The top semicircular panel of each window depicts one of three emblems, the Dove of Peace, the American Eagle, and the Iowa State Campanile. Each window is topped by a Gold Star.

==Traditions==
===Zodiac and Fountain of the Four Seasons===
In his original designs for the Memorial Union, W.T. Proudfoot incorporated the symbols of the Zodiac into the north entrance floor. The plans called for the bronze symbols to be raised from the surface of the floor. Proudfoot's intended that as each visitor to the Memorial Union walked over the symbols, they would be worn down until they were even with the floor's surface, therefore each visitor would be able to leave their mark on the Memorial Union.

Unfortunately for W.T. Proudfoot, by 1929, the students had decided that stepping on the Zodiac would mean failing their next test. This "curse" has led students to walk around the bronze symbols ever since.

Luckily for students, in 1937, the cure to the "curse" was donated by the VEISHEA Committee. The curse says that any student who steps on the Zodiac can cure the curse by throwing a coin into the Fountain of the Four Seasons, located on the north side of the Memorial Union. In 1942, sculptor Christian Petersen added four sculptures to the fountain, each a figure of a woman representing one of the seasons, Spring-east-planting corn, Summer-south-sheltering a young plant, Autumn-west-holding the harvest, and Winter-north-nursing a child.

===Browsing Library and Chapel===
Located, symbolically, directly below the Gold Star Hall, the Browsing Library and Chapel were constructed in 1959 from W.T. Proudfoot's original design. The location symbolizes Proudfoot's belief that patriotism and democracy are supported by "religious conviction and a recorded history of dedication to those principles, a culture and a literature of concern for those high ideals."

===Engraved Quotations===
In addition to the quotations engraved within the Gold Star Hall, the west entrance of the Memorial Union features a number of other quotations. Over the door to the north of the west entrance vestibule is a quotation by M.J. Riggs, Iowa State Class of 1883, and first president of the Memorial Union Board.
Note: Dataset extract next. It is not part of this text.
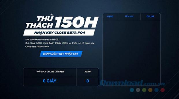 Người chơi cần online FIFA Online 3 liên tục đủ 150 giờ, bắt đầu từ 0h ngày 6/2/2018. Với 5000 người chơi đầu tiên vượt qua thử thách này sẽ nhận được key trải nghiệm của FIFA Online 4.

We come to college not alone to prepare to make a living, but to learn to live a life.

M.J. Riggs, '83

Other Quotations in the West Entrance:

To set the cause above renown,
To love the game beyond the prize.'

Sir H.J. Newbolt

If a man does not make new acquaintances as he advances through life, he will soon find himself alone.
A man, sir, should keep his friendships in constant repair.'

Samuel Johnson

==Architecture==
The original building was designed by architect, William T. Proudfoot. The building employs a classical style of architecture reflecting Greek and Roman influences. The building's design specifically complements the designs of the major buildings surrounding the University's Central Campus area, Beardshear Hall to the west, Curtiss Hall to the east, and MacKay Hall to the north. The style utilizes columns with Corinthian capitals, Paladian windows, triangular pediments, and formally balanced facades.